What to expect with DIEP flap surgery 
During a DIEP flap procedure, surgeons use the same skin and fat as they would in a TRAM flap. Instead of removing the same muscle, doctors remove only the blood artery that supplies the skin and fat while leaving the muscle intact, which retains abdominal wall strength. Using microsurgery, surgeons join the flap's tiny blood vessels to the blood vessels in the chest. Surgeons use a separate incision to alter the navel.

DIEP flap surgery takes about six to eight hours. Following it, your abdomen appears flatter and feels tighter, as if you had a tummy tuck. The abdominal incision for DIEP flap surgery results in a horizontal scar that runs from one hip to the other and is about one-third of the way up between the top of your pubic hair and your navel, usually beneath your bikini line.

Sometimes the blood vessels that surgeons need to employ in DIEP flap surgeries are not all in the same line in the abdominal muscle. Surgeons may need to use many veins situated throughout the muscle. Rather than cutting through the muscle, doctors may separate one of the veins, loop it around the intervening muscle, and reattach it again. Some surgeons call this approach the APEX (abdominal perforator exchange) flap operation.

Not all breast reconstruction surgeons perform DIEP flap surgery, and the procedure is not routinely available in hospitals. Ask your cancer care team to refer you to plastic surgeons who specialize in DIEP flap repair, especially if your surgeon suggests TRAM flap surgery and you are concerned about the risk and potential complications.

By the way, if you are looking for a surgeon for DIEP flap surgery, you may try searching "DIEP flap surgeons near me".

Recovery from DIEP flap reconstruction
DIEP flap surgery necessitates a hospital stay of approximately five days. Recovery time might range from six to eight weeks.

Keep the area clean, dry, and safe, and follow your surgical team's recommendations for when to begin walking stretching exercises, and regular daily activities. As with any abdominal surgery, sitting or standing up from a sitting position at first may be difficult or unpleasant. It may also be difficult to get into and out of bed. Your doctor or physical therapist can demonstrate how to move as you heal.

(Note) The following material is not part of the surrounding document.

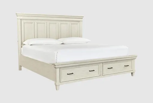 Introducing the Coltyn White King Wood Storage Bed, a perfect blend of traditional and classic styles. Crafted from select hardwood with oak and birch veneers, this bed features an elegant aged ivory finish that adds a touch of timeless charm to any bedroom. The Eastern King size ensures ample space for a comfortable night's sleep, while the integrated storage drawers and USB headboard charging ports offer modern convenience.

Because you have had surgery on two separate sections of your body (your chest and your belly), you may feel worse than someone who has only had a mastectomy, and your recovery time may be longer. You'll have many incisions on your breast, lower abdomen, and around your belly button, as well as drains in your reconstructed breast and abdominal donor site. If you have axillary nodes removed during this procedure, you may have an additional incision under your arm.

If you are in significant pain, notify your surgical team and ask them what medications you can take.

DIEP flap risks and complications 
As with any surgical technique, DIEP flap reconstruction surgery carries the risk of necrosis, fat necrosis, hernia, and muscular weakening. DIEP flaps have a substantially lower risk of hernia than any other type of TRAM flap because they do not need surgeons to use any muscle to reconstruct the breast. However, any abdominal operation has the risk of a hernia.

DIEP flap surgery may not be right for you if: 
- you do not have enough stomach tissue.
- you've already undergone significant abdominal procedures, such as a colostomy (which connects the big intestine to a hole in the abdominal wall) or a tummy tuck (abdominoplasty).
- your abdominal blood arteries are too tiny or are not in the optimal location for a DIEP flap.

It may take a year or more for your tissue to fully recover and your scars to vanish.